I've tried thrashing the patch applied to 5.8.4, with a test program -- basically running my Benchmark above on 10, 20 and 30 threads simultaneously and (so far) it appears to be stable. THIS IS NOT OFFICIAL. Just my findings on a single, 1-cpu box. It may not be compatible with multi-cpu boxes. It may be that this is not a good test.

Steve also posted a [news://nntp.perl.org/perl.perl5.porters/93142|Smoke report] of the patch that show it failing with 'inconsistant' and 'dubious' result from a threads test in smoke test suite. Whether these are related to the patch or not, is not yet clear to me.

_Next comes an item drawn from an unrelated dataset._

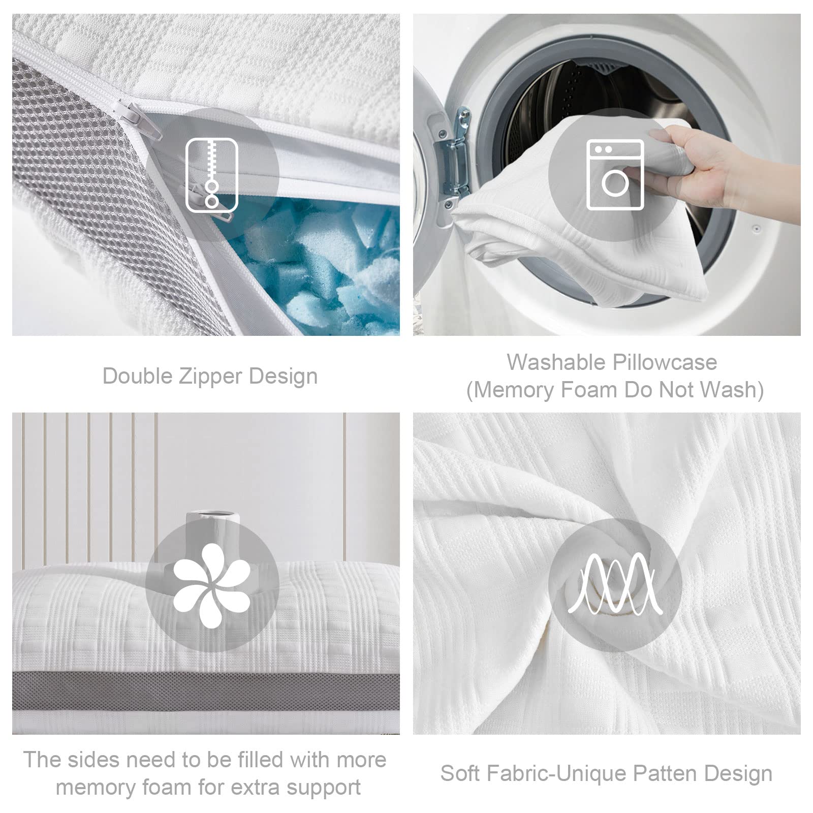 - Simple Options:Bed pillows & positioners are designed for easy maintenance, the pillowcase can be machine washed after disassembly, filling can be easily obtained by patting the fluffiness, which is the choice for long-term use.

The results I am seeing from running the Benchmark using PERL_MALLOC show not only a marked improvement in the consistency of the first to last runs. Now biased against the first run rather than for it; but only very slightly. It easily gets lost in higher numbers of iterations. It also performs *much* more quickly than the CRT malloc; around 5-7x faster. Not quite back to 5.6.1 performance, but a very definite improvement. The benchmark was constructed to highlight and exaserpate the bias and may be atypical of perl usage, but maybe not for what you are doing.

Whether the PERL_MALLOC/USE_IMP_SYS/USE_ITHREADS combination is truely safe yet is still not clear--but progress has been made.

If you can't or don't want to risk the transistion to building with the patch yet, but need to exclude the vargaries of this first run bias, the simplest expedient is to run the cmpthese/timethese twice in each run. The first time for a single iteration which will get the memory allocated and somewhat fragmented and discard those results. Then run the benchmark again (within the same program) for a largish number of iterations and use those figures.

FYI: PERL_MALLOC in the Makefile shows up as -Dusemymaloc in the Smoke reports and perl -V banners. You may already know this, but it confused me for a while. But then, I'm easily confused.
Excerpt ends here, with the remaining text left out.